(Data extracted from a collection)
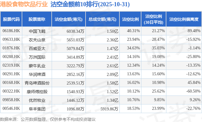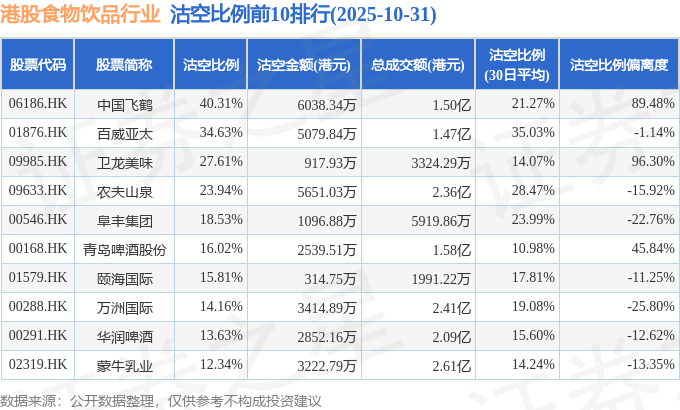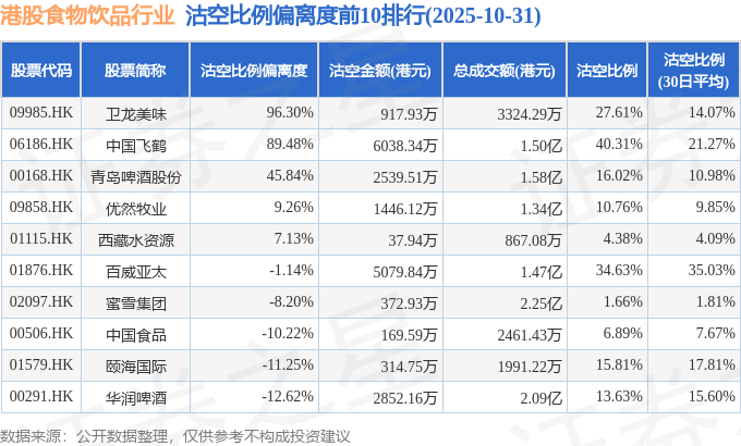从沽空比例来看,中国飞鹤、百威亚太、卫龙美味沽空比例位居行业前三,分别为40.31%、34.63%、27.61%。
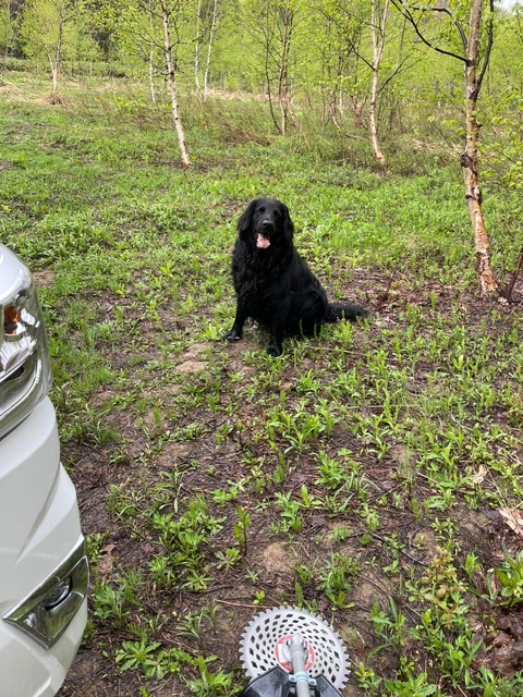 そんな作業を見守るのはサップ君です。周囲を見回り、熊や野生動物がマークさんの近くによって来ないか、目と鼻を使って監視中です!
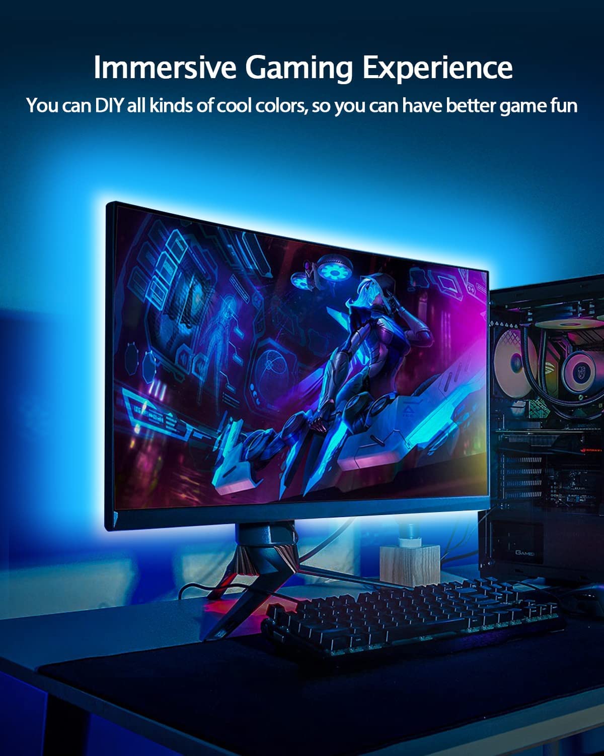 Q: How do the music sync features work with the LED TV lights?A: The LED lights come with a built-in microphone that can sync with music or voice. By activating the microphone mode through the Bluetooth app, the colors of the lights will change in harmony with the beat of your music or voice.
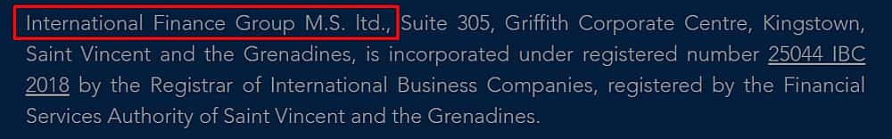 Да и о самой так называемой International Finance Group M.S. ltd нигде нет информации. Это просто придуманное название, которое должно у доверчивых пользователей вызвать доверие.
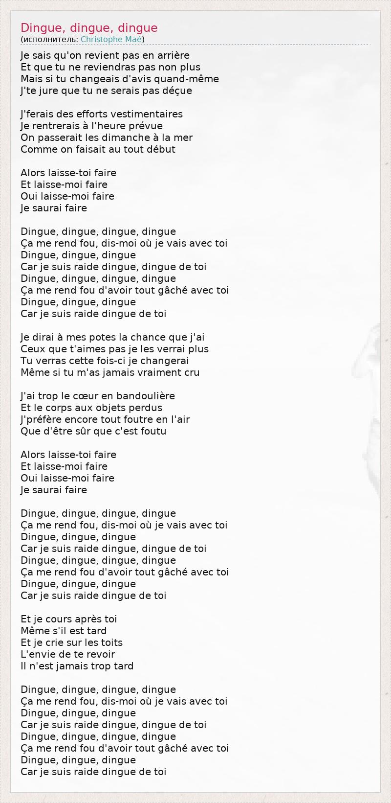 А как ты думаешь, о чем песня "Dingue, dingue, dingue" ?
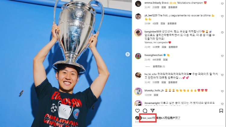 本赛季,热刺夺得欧联冠军,此前孙兴慜晒照庆祝时李刚仁也点了赞。
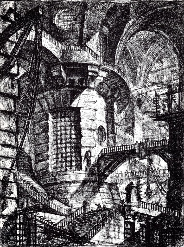 Ed ecco i quattro episodi centrali (che si incontrano scorrendo le pagine: il volumetto Urania 1672 non fa eccezione alla pessima, ormai imperante consuetudine di non includere l’indice). Il primo, Antenora, ha come protagoniste Sarah, medico reclusa condannata alla detenzione, e Alex, ribelle divergente e coraggiosa: il loro incontro è casuale ma destinico, le rende capaci di aprirsi alla reciproca comprensione e solidarietà, di svelare l’una all’altra la propria vita devastata dal dolore, dalla malattia, dalla morte; Sarah in una narrazione in terza persona, con registro referenziale ma empatico, Alex, invece, in soggettiva ravvicinata e includente (che a chi scrive ha ricordato Il figlio di Saul, film d’esordio di László Nemes, del 2015). Il riferimento al Sonderkommando e ad Auschwitz non è casuale: Antenora è luogo di orrore assoluto, un pozzo a sua volta diviso in piani sovrapposti, fino al famigerato Livello 9; qui operano (presunti) scienziati e (sedicenti) medici epigoni di Joseph Mengele, da qui, e non solo, i «Monatti» (omaggio all’opera manzoniana) fanno sparire i cadaveri in sacchi neri, come «nero e sordo» è il dolore delle vittime. Altro riferimento visivo ben presente a Cavallero sono le Carceri d’invenzione, serie di acqueforti realizzata da Giovan Battista Piranesi tra 1760 e 1761, nelle quali incombe il gigantismo cupo di colonne e archi, scalinate e corridoi che sembrano diramarsi all’infinito.
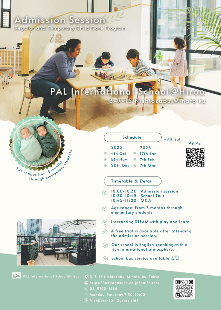 PAL International School @ Hiroo invites parents to our Admission Sessions for those interested in our Regular and Temporary Child Care Programs.
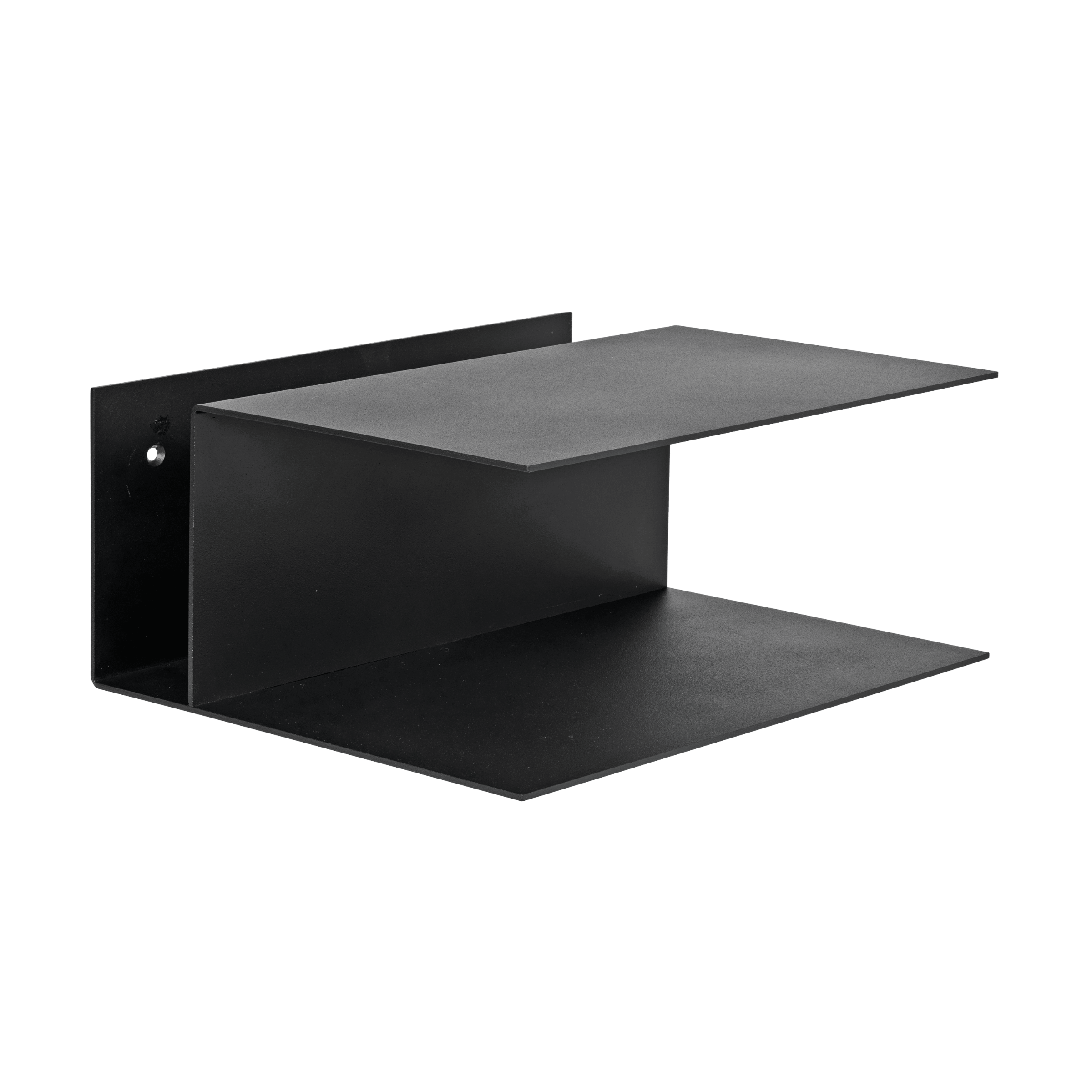 Nachtkastje Lager is een functioneel en stijlvol voorstel, geïnspireerd op brutalistische architectuur en industrieel design. Gemaakt van poedergecoat ijzer, biedt het duurzaamheid en een ruwe, moderne uitstraling. Aan de muur gemonteerd, bespaart het ruimte en houdt het de slaapkamer netjes.
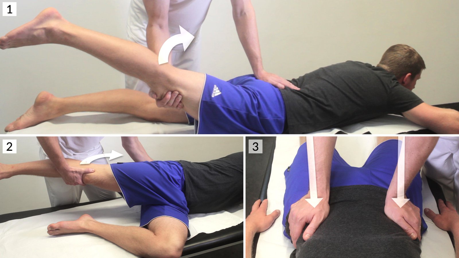 - Prone position: Lift the leg passively (i.e., extend the hip) with one hand while applying pressure on the ipsilateral SIJ with the other hand.
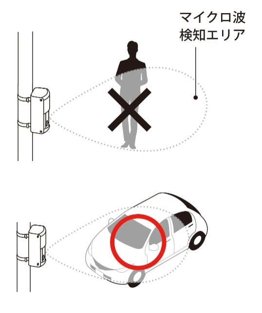 マイクロ波の反射を利用しており、人と車の反射の違いから、
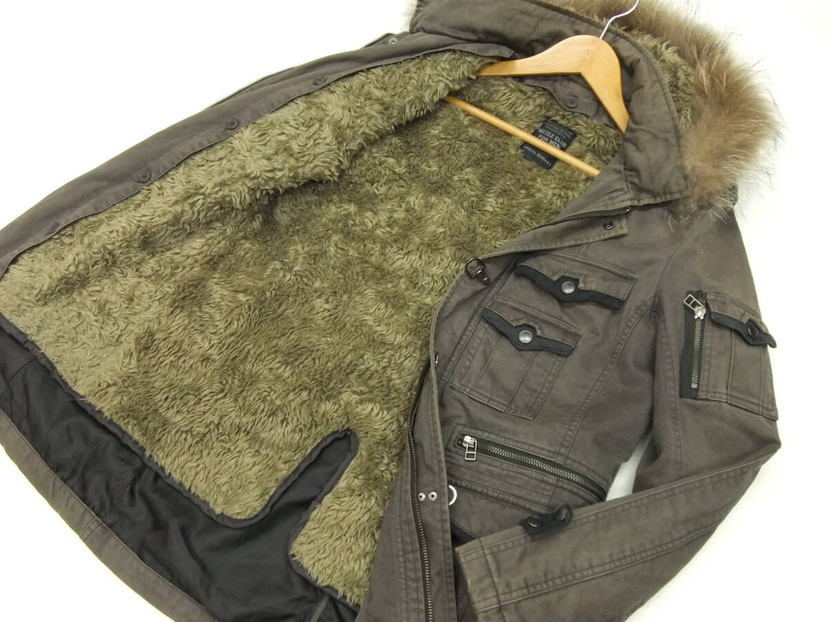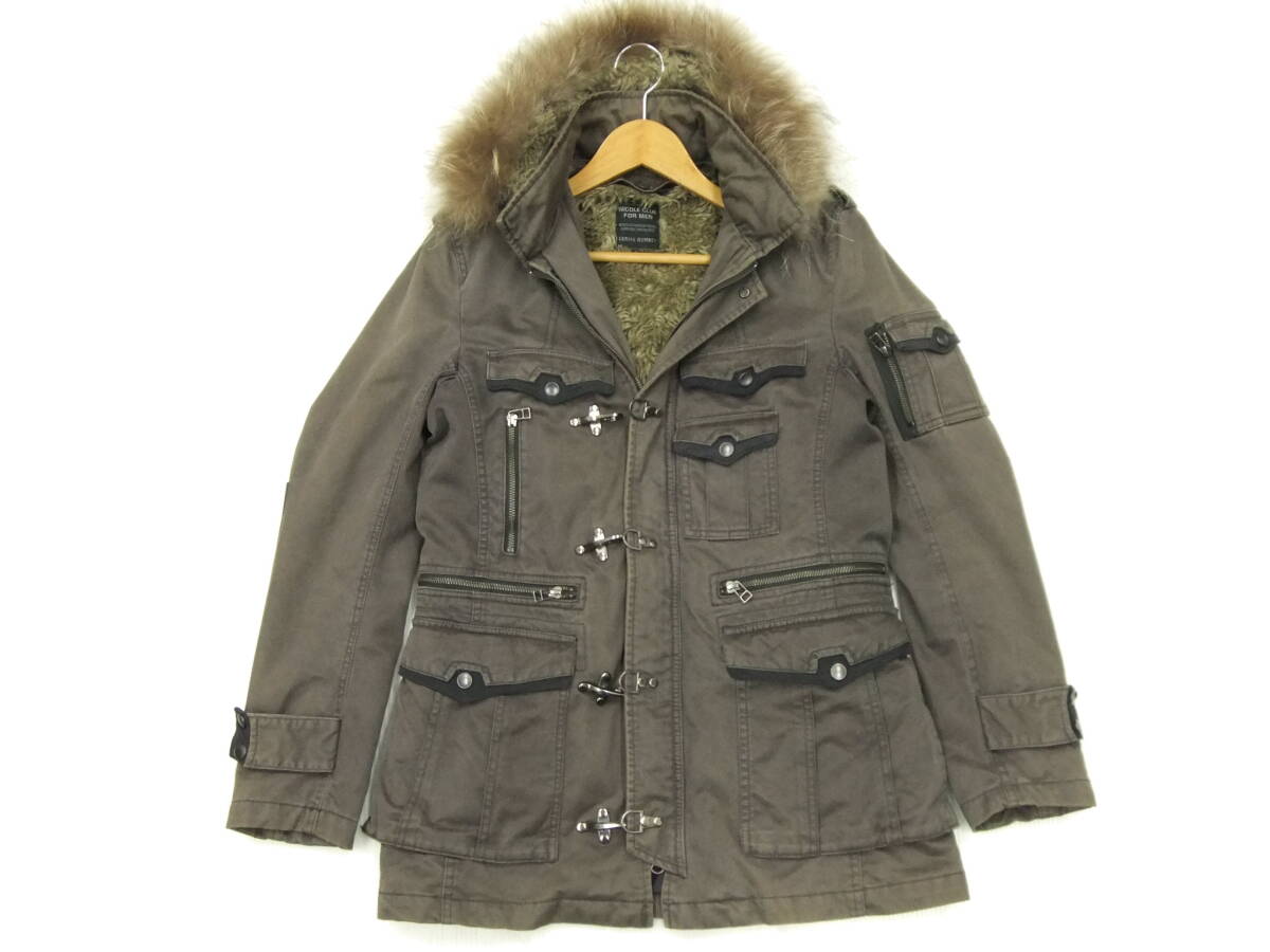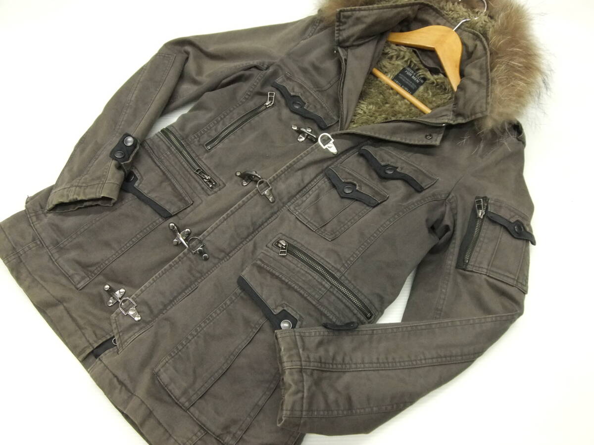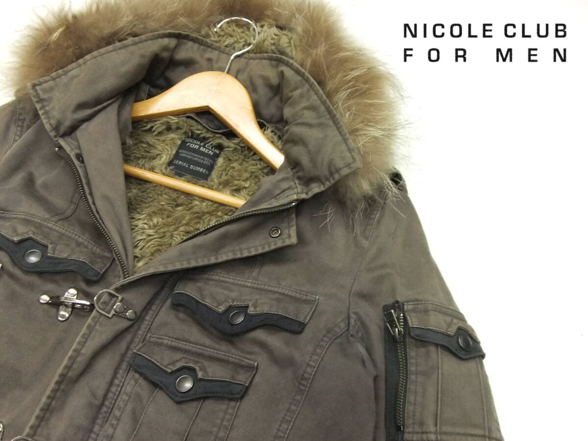 ■NICOLE CLUB FOR MEN■ミリタリー風ジャケット カーキ 46 ラクーンファー ライナー付き ボア ジップパーカー ニコルクラブフォーメン

[WHAT YOU WILL DO]: Please repeat the entries exactly. Do not include the pictures.

[OUTPUT BELOW]:
从沽空比例来看,中国飞鹤、百威亚太、卫龙美味沽空比例位居行业前三,分别为40.31%、34.63%、27.61%。
 そんな作業を見守るのはサップ君です。周囲を見回り、熊や野生動物がマークさんの近くによって来ないか、目と鼻を使って監視中です!
 Q: How do the music sync features work with the LED TV lights?A: The LED lights come with a built-in microphone that can sync with music or voice. By activating the microphone mode through the Bluetooth app, the colors of the lights will change in harmony with the beat of your music or voice.
 Да и о самой так называемой International Finance Group M.S. ltd нигде нет информации. Это просто придуманное название, которое должно у доверчивых пользователей вызвать доверие.
 А как ты думаешь, о чем песня "Dingue, dingue, dingue" ?
 本赛季,热刺夺得欧联冠军,此前孙兴慜晒照庆祝时李刚仁也点了赞。
 Ed ecco i quattro episodi centrali (che si incontrano scorrendo le pagine: il volumetto Urania 1672 non fa eccezione alla pessima, ormai imperante consuetudine di non includere l’indice). Il primo, Antenora, ha come protagoniste Sarah, medico reclusa condannata alla detenzione, e Alex, ribelle divergente e coraggiosa: il loro incontro è casuale ma destinico, le rende capaci di aprirsi alla reciproca comprensione e solidarietà, di svelare l’una all’altra la propria vita devastata dal dolore, dalla malattia, dalla morte; Sarah in una narrazione in terza persona, con registro referenziale ma empatico, Alex, invece, in soggettiva ravvicinata e includente (che a chi scrive ha ricordato Il figlio di Saul, film d’esordio di László Nemes, del 2015). Il riferimento al Sonderkommando e ad Auschwitz non è casuale: Antenora è luogo di orrore assoluto, un pozzo a sua volta diviso in piani sovrapposti, fino al famigerato Livello 9; qui operano (presunti) scienziati e (sedicenti) medici epigoni di Joseph Mengele, da qui, e non solo, i «Monatti» (omaggio all’opera manzoniana) fanno sparire i cadaveri in sacchi neri, come «nero e sordo» è il dolore delle vittime. Altro riferimento visivo ben presente a Cavallero sono le Carceri d’invenzione, serie di acqueforti realizzata da Giovan Battista Piranesi tra 1760 e 1761, nelle quali incombe il gigantismo cupo di colonne e archi, scalinate e corridoi che sembrano diramarsi all’infinito.
 PAL International School @ Hiroo invites parents to our Admission Sessions for those interested in our Regular and Temporary Child Care Programs.
 Nachtkastje Lager is een functioneel en stijlvol voorstel, geïnspireerd op brutalistische architectuur en industrieel design. Gemaakt van poedergecoat ijzer, biedt het duurzaamheid en een ruwe, moderne uitstraling. Aan de muur gemonteerd, bespaart het ruimte en houdt het de slaapkamer netjes.
 - Prone position: Lift the leg passively (i.e., extend the hip) with one hand while applying pressure on the ipsilateral SIJ with the other hand.
 マイクロ波の反射を利用しており、人と車の反射の違いから、
 ■NICOLE CLUB FOR MEN■ミリタリー風ジャケット カーキ 46 ラクーンファー ライナー付き ボア ジップパーカー ニコルクラブフォーメン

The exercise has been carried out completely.